En attendant la CAN des garçons, le Mondial des filles, la levée du huis clos et… les élections de la fédération, on maintient l’espoir d’un retour à la normale.


En pleine période de disette et d’incertitudes, cloué au pilori, le handball tunisien a prouvé à ceux qui l’ont enterré vivant qu’il a la peau dure, qu’il peut attraper n’importe quel virus, n’importe quelle maladie sans que ses jours soient comptés. Il n’y a pas mieux que cette fraîche illustration : il fut le premier sport collectif à avoir repris récemment les compétitions nationales des deux sexes. Aux yeux de ceux qui n’y croyaient plus, le retour à la normale relevait tout simplement de l’utopie, sauf que, quelque part, on ne  fredonnait pas le même air, en s’armant de patience et de sagesse, en se cramponnant à l’espoir, alors fugace, de revenir au parquet du jeu. C’est maintenant chose faite. En ce sens que si les mâles ont déjà expédié, en l’espace de… quatre jours, deux journées du play-off, les femelles, elles aussi pressées, ont, à leur tour, bouffé du hand, en liquidant, le dernier week- end, la finale du championnat et celle de la Coupe de la Ligue.

Retour des sélections

Dans la foulée, la joie des retrouvailles handballistiques s’est emparée des équipes nationales après de longs mois de sommeil. C’est ainsi que la sélection masculine senior, qui avait disparu de la circulation, a repris, lundi, le chemin des entraînements en prévision de la prochaine CAN (Maroc, 3-13 janvier 2022),tout comme son homologue féminine des seniors qui, après un premier rassemblement à Hammamet, s’est envolée, avant-hier, pour la France pour un stage entrecoupé de tests amicaux, et ce, dans le cadre de la préparation du  Mondial (Espagne, 13-28 décembre 2021). Le tout en attendant la reprise, prévue à la fin du mois en cours, des compétitions des jeunes et des divisions inférieures.

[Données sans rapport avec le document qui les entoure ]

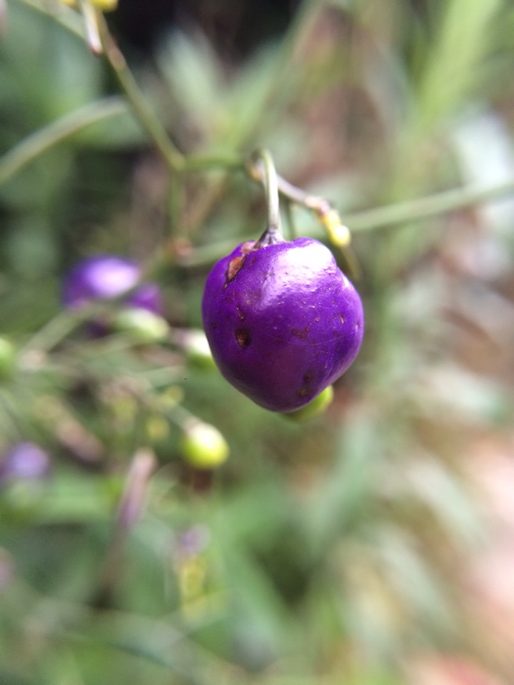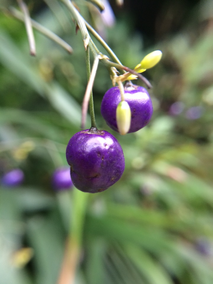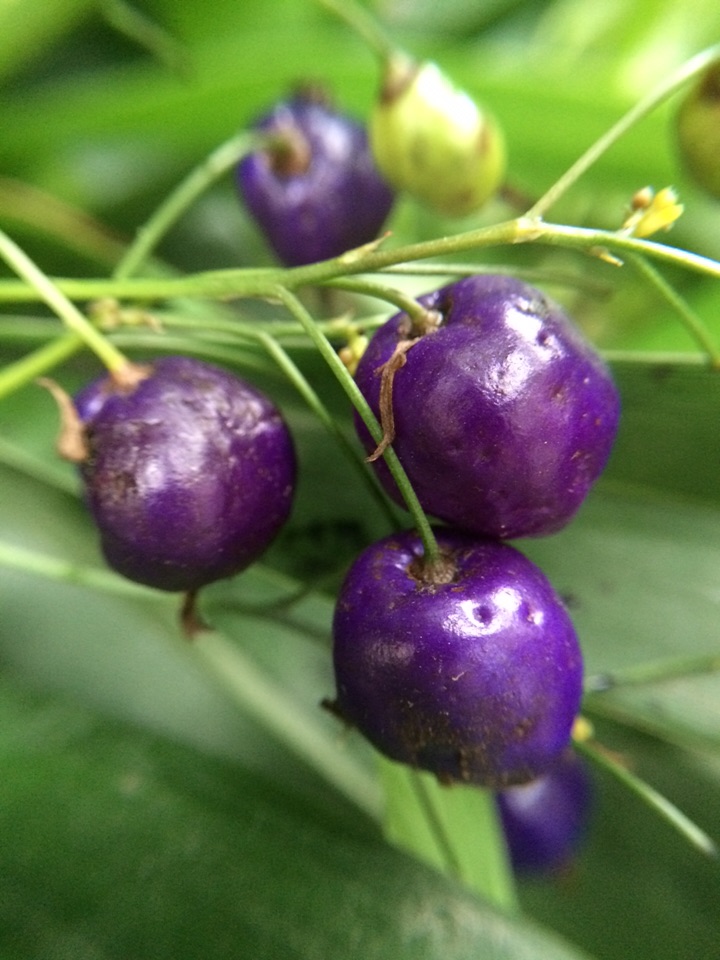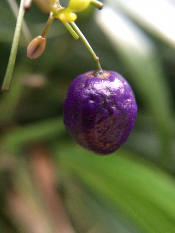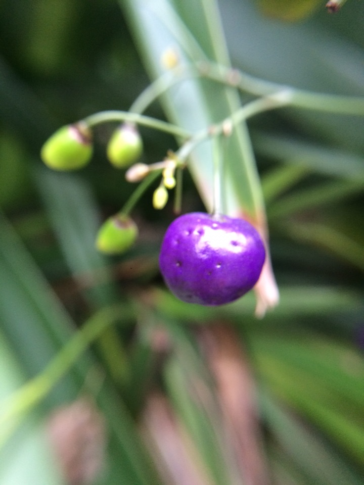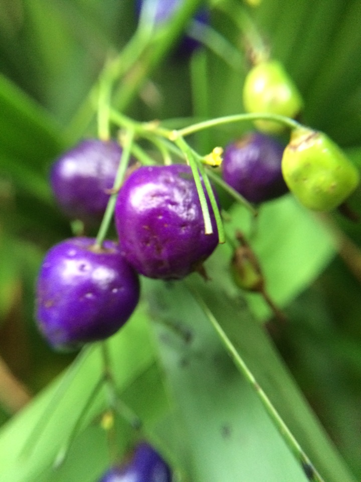 昨天晨练,在山边发现几株叶狭条状披针形植物长着深蓝色发亮的果果,极为艳美,仔细观察确定是山菅兰,大家看看是吗?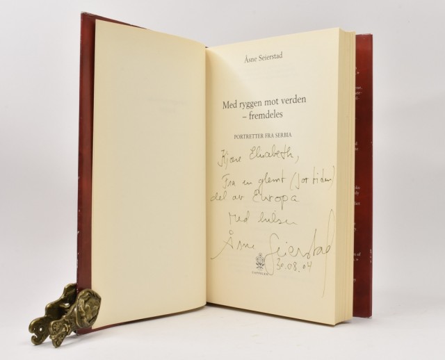 Åsne Seierstad: Med ryggen mot verden - fremdeles. Signert. Artikkelnr.: AS235 Åsne Seierstad: Med ryggen mot verden - fremdeles. Portretter fra Serbia. Dedikasjon til Elisabeth 30.08.04 fra Åsne Seierstad på tittelblad. NOK150,00 inkl. mva. På lager Kjøp Vipps hurtigkasseKjøp nå med Vipps hurtigkasse Del dette Produktinfo Produktanmeldelser (0) Åsne Seierstad: Med ryggen mot verden - fremdeles. Portretter fra Serbia. Dedikasjon til Elisabeth 30.08.04 fra Åsne Seierstad på tittelblad. J. W. Cappelens Forlag 2004. 8vo. 279 + [2] s. Orig. bd. med noe slitt smussomslag. Skriv en produktanmeldelse og del dine erfaringer med dette produktet med andre kunder. Email Navn Din vurdering? 1 star 2 star 3 star 4 star 5 star 6 star Oppgi en tittel for anmeldelsen din Skriv inn produktanmeldelsen i feltet under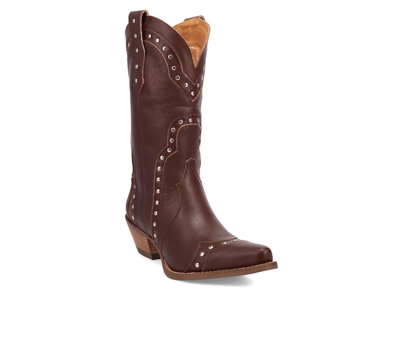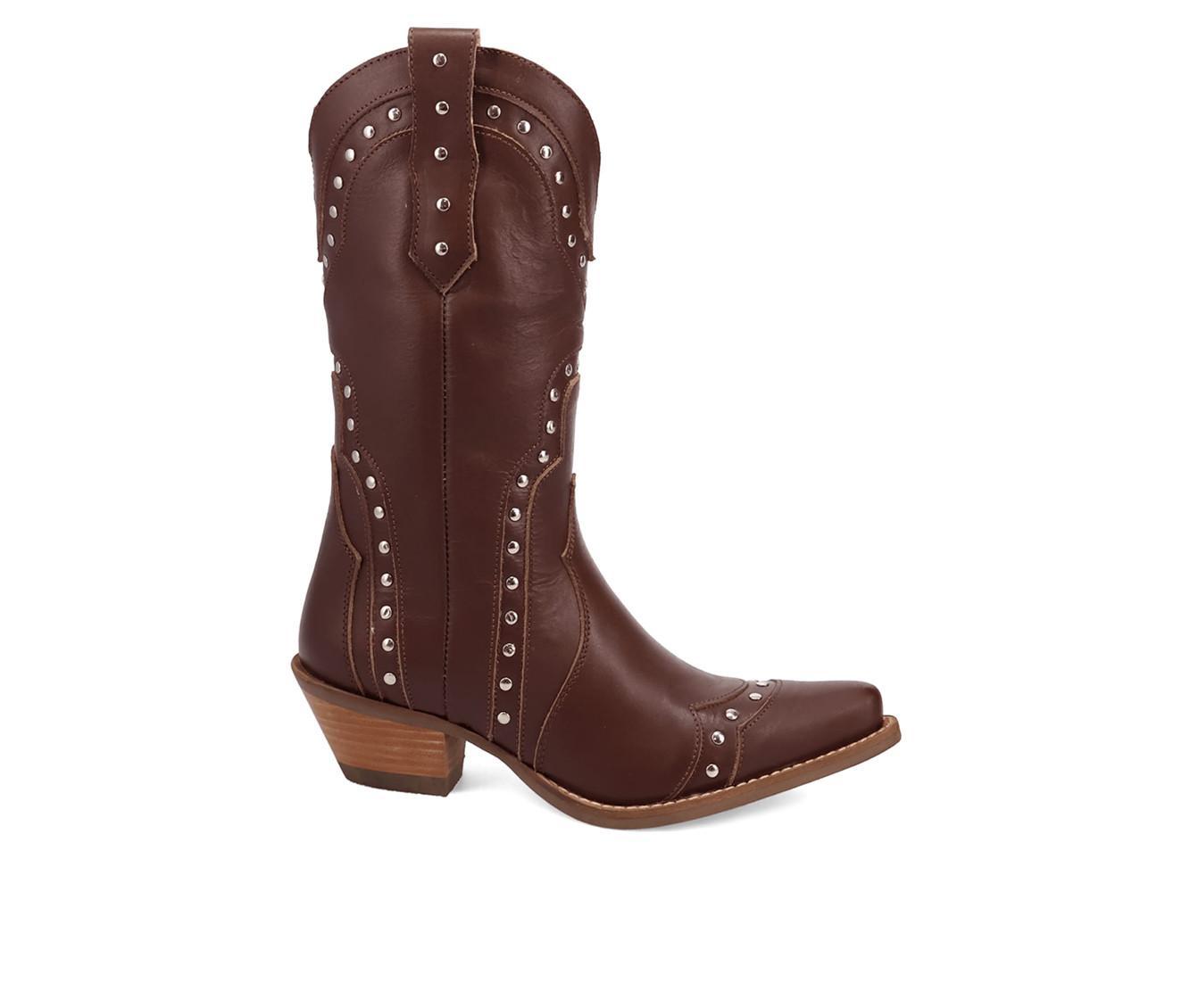 Make your mark in these bold western boots designed to steal the spotlight with every step. Featuring a smooth synthetic upper accented with gleaming metal studs and western panel overlays, these boots deliver serious edge with authentic cowgirl roots. The classic pull-on design includes sturdy side tabs for easy wear, while a low cowboy heel and snip toe complete the iconic silhouette. Whether you're headed to a festival or night out, these boots bring glam and grit in equal measure.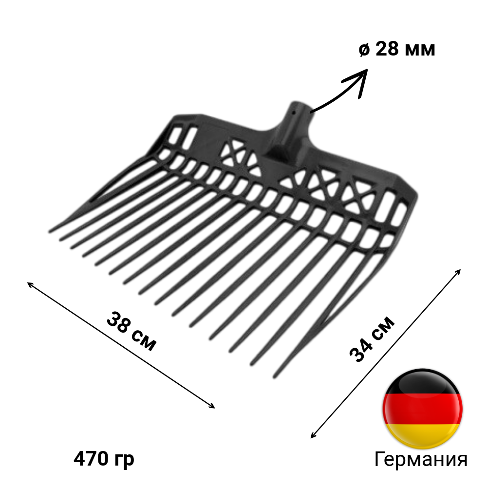 Пластиковые вилы для уборки конюшен, 16 закругленных зубцов, без черенка Suevia интересное: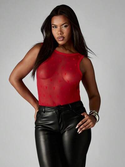 Missguided x Playboy High Neck Mesh Bodysuit With Bunny Pattern-35%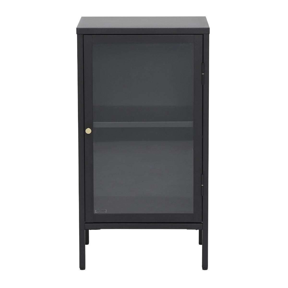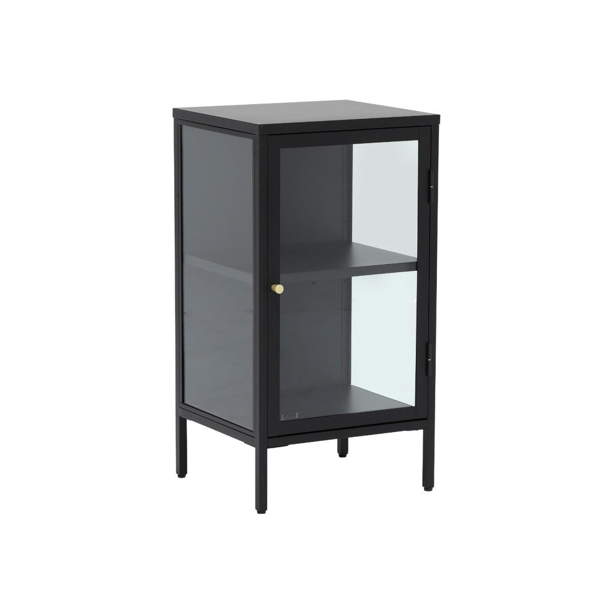 I love this glass-fronted cabinet for its compact and versatile design, making it ideal for displaying decorative items, glassware, or ceramics without overwhelming a space. It works well in contemporary and minimalist interiors, especially when paired with a mix of open shelving and closed storage for functionality. Practical styling tips include grouping similar items together to create a cohesive look, using the transparent doors to showcase your favourite pieces, and balancing the cabinet’s darker frame with lighter colours in surrounding furniture to keep the space feeling open and inviting. It’s a smart addition for kitchens, living rooms, or even bedrooms where a touch of display storage is needed without sacrificing style.

En somme, le décor se replante un peu partout dans nos salles où sévissent encore les restrictions de… l’implacable protocole sanitaire dictées par une pandémie désormais essoufflée et presque battue. D’où ce beau, très beau souhait :  la levée du huis clos pour que le public, si longtemps frustré, remplisse, de nouveau, les gradins. 

Entre-temps, persiste l’autre énigme, à savoir les élections de la fédération. Une énigme si têtue que nul ne sait quand et où le scrutin se déroulera. C’est que l’IHF (Fédération internationale de handball) ne s’est pas encore prononcée, depuis qu’elle fut sollicitée, il y a plus d’un mois, par la plainte d’un candidat ayant interjeté appel contre le rejet, par la commission indépendante des élections, du dossier de sa liste.